Hmmm… I should ask that. That’s a good idea. I wouldn’t mind offloading some of the coding work.

I cannot really talk about it in great detail until after the papers are published.

All my programs are CUDA capable (all customized code), but I don’t evaluate them with massive parallelism because it weakens the results for publication.

The grant is for two years.

I am a computer scientist, with a strong focus on mathematics in my undergrad (2 courses shy of a double major). As above, all my code supports single threaded, multithreaded and massive parallel execution modes.

Nothing I’m doing has much to do with robotics, except in some tangential distant future kind of way.

A few people mentioned renting time so I won’t quote each of you specifically.

See, this is where it gets kind of silly. I already have all the supercomputer time I could possibly need. I have an account on Compute Canada and if I want, which isn’t very often because for publication massive parallelism isn’t that impressive unless massive parallelism is the point. I didn’t ask for this grant. I was asked by the dept head to make a presentation because my work is doing impressive stuff and so I did. Next thing I know I have this money, that I did not ask for and I really cannot use in any meaningful way. I suspect the dept head asked for it on my behalf (more on this in a second) as my supervisor says he didn’t.

Ok, so I’m certainly not going to turn it down. It looks too good on a CV. But I cannot simply not use it (apologies for the double negative). And if I spend it I kind of have to make use of the equipment, that I don’t really need. But its fine. If I got the DGX say, or stacks of nVidia Titans, I would use it and get some results and make everybody happy. I would try to find some really hard problem to solve that requires massive parallelism and solve it. I get publication(s), the money is spent and used well, everybody is happy.

So, I’m not faculty right now.
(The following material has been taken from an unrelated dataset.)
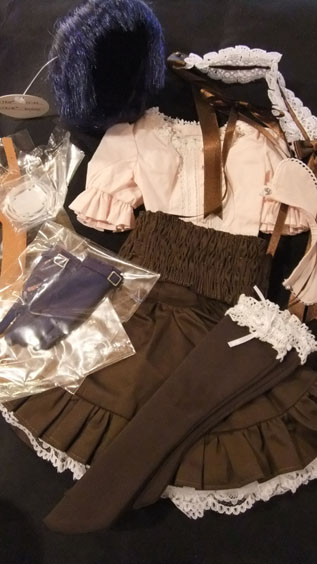入荷のセット内容は、ウィッグ、眼帯、ボンネット、ブラウス、付け襟、コルセット、ペチコート、スカート、手袋、靴下、手錠ホルダーです。

But a faculty position is opening up and I think the dept head would like me to fill it. And that’s fine by me, I want a faculty position and I like this university. So me getting this grant is good for all concerned because I’ll have some equipment for when I can get my own minions… grad students.

This is exactly what I’m thinking. I really don’t need any equipment. But the DGX station or a stack of Titans can certainly help out the lab. And that’s where I’m leaning and I think that’s why the dept head got the money. And I don’t blame him really. He saw a chance to get a big influx of cash for the lab and he took it.

Ah, I get it, so it’s “Merry Christmas, here’s something for you that I’ll want to borrow”.

EDIT: And the faculty position opening up soon means that a bit of brown-nosing certainly couldn’t hurt.

Well, if I had a mountain of money to spend, I’d feel a duty to be efficient about it. This is why we keep saying you should rent Amazon time - you do agree with us that if you build a 16-GPU monster (probably would cost 30-50k, so you’d be able to buy 5-8 of them), even if you do your own massive parallelism, you’re going to be sitting there at a terminal for hours with the big rigs sitting idle while you fight a bug.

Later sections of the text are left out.